> _Information_:
=== Begin Enclosure ===

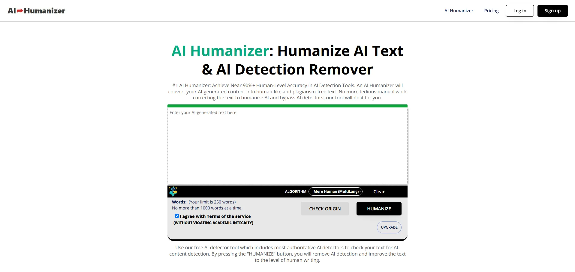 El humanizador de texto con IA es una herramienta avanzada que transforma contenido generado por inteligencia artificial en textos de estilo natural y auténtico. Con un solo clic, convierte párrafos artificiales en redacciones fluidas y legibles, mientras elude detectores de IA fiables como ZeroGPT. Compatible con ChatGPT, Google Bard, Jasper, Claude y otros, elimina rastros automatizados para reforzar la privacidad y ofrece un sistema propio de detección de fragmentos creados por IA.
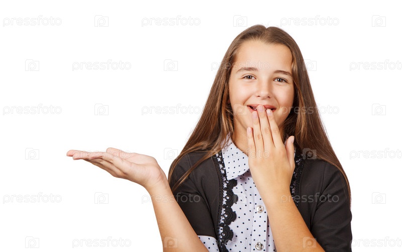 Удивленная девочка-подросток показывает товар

=== End Enclosure ===
=== Begin Enclosure ===

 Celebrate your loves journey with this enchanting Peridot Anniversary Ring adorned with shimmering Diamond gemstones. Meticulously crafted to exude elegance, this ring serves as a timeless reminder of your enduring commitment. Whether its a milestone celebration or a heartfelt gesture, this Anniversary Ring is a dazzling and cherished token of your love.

=== End Enclosure ===

> _Prompt_: What to print is the stretch of entries from the line with "El humanizador de" up to and including the line with "Удивленная девочка-подросток показывает". Please print it exactly and leave out the pictures.

> _Expected output_:
 El humanizador de texto con IA es una herramienta avanzada que transforma contenido generado por inteligencia artificial en textos de estilo natural y auténtico. Con un solo clic, convierte párrafos artificiales en redacciones fluidas y legibles, mientras elude detectores de IA fiables como ZeroGPT. Compatible con ChatGPT, Google Bard, Jasper, Claude y otros, elimina rastros automatizados para reforzar la privacidad y ofrece un sistema propio de detección de fragmentos creados por IA.
 Удивленная девочка-подросток показывает товар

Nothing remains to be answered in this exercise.